>>>
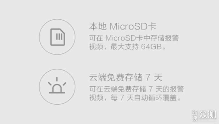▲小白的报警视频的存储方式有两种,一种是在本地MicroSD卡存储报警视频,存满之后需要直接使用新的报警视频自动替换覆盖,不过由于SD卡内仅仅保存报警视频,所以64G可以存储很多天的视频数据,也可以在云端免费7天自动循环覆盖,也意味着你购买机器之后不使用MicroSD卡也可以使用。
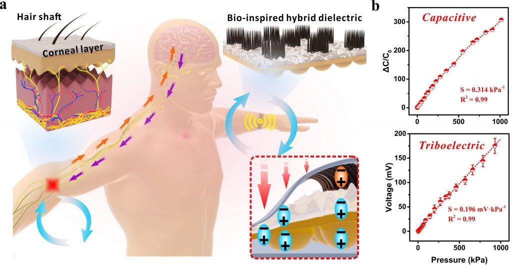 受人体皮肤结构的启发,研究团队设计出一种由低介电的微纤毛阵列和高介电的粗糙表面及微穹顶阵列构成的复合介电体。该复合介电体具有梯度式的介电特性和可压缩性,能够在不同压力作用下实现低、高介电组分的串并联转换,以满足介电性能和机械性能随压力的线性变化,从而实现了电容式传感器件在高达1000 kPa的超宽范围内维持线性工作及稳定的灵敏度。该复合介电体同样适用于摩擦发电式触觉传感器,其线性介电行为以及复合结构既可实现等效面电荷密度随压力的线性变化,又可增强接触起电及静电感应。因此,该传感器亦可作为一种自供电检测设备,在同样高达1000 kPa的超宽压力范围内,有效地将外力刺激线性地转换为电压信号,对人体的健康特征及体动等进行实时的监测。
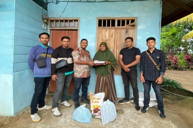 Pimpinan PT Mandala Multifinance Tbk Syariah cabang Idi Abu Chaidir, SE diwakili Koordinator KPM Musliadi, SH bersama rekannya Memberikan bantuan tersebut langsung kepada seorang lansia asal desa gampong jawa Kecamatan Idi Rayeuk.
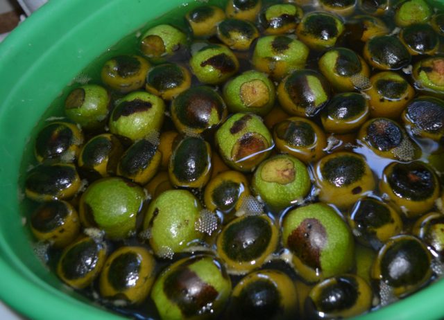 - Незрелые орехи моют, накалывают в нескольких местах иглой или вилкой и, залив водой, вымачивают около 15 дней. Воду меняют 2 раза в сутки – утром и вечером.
<<<
>>>
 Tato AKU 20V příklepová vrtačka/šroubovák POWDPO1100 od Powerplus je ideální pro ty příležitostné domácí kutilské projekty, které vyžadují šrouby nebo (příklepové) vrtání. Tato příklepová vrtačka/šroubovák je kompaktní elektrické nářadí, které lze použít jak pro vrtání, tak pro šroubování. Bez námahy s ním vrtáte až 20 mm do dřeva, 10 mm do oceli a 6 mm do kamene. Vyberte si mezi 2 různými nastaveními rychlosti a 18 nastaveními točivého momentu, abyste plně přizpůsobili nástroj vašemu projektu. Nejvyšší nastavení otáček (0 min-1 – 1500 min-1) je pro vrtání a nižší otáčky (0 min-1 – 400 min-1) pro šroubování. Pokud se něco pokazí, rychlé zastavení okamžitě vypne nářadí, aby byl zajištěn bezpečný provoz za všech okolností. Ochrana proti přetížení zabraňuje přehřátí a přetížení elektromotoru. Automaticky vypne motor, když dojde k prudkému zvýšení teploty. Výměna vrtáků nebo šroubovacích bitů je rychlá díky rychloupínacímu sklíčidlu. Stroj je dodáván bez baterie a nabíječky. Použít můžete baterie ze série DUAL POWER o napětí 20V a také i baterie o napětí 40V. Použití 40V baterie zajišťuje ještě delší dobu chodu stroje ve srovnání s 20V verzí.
<<<
>>>
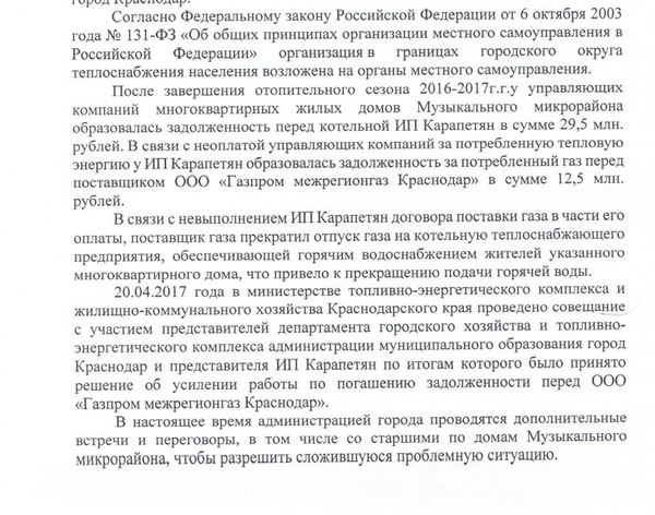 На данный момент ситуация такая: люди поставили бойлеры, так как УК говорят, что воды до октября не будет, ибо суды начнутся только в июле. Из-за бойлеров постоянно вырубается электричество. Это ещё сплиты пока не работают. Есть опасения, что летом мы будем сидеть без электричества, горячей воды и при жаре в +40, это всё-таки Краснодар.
<<<
THE TASK
Range to copy from the listing above: the line containing "Pimpinan PT Mandala" down to the line containing "- Незрелые орехи", both included. Reproduce it exactly, minus the pictures, and add nothing.

RESPONSE BOX
 Pimpinan PT Mandala Multifinance Tbk Syariah cabang Idi Abu Chaidir, SE diwakili Koordinator KPM Musliadi, SH bersama rekannya Memberikan bantuan tersebut langsung kepada seorang lansia asal desa gampong jawa Kecamatan Idi Rayeuk.
 - Незрелые орехи моют, накалывают в нескольких местах иглой или вилкой и, залив водой, вымачивают около 15 дней. Воду меняют 2 раза в сутки – утром и вечером.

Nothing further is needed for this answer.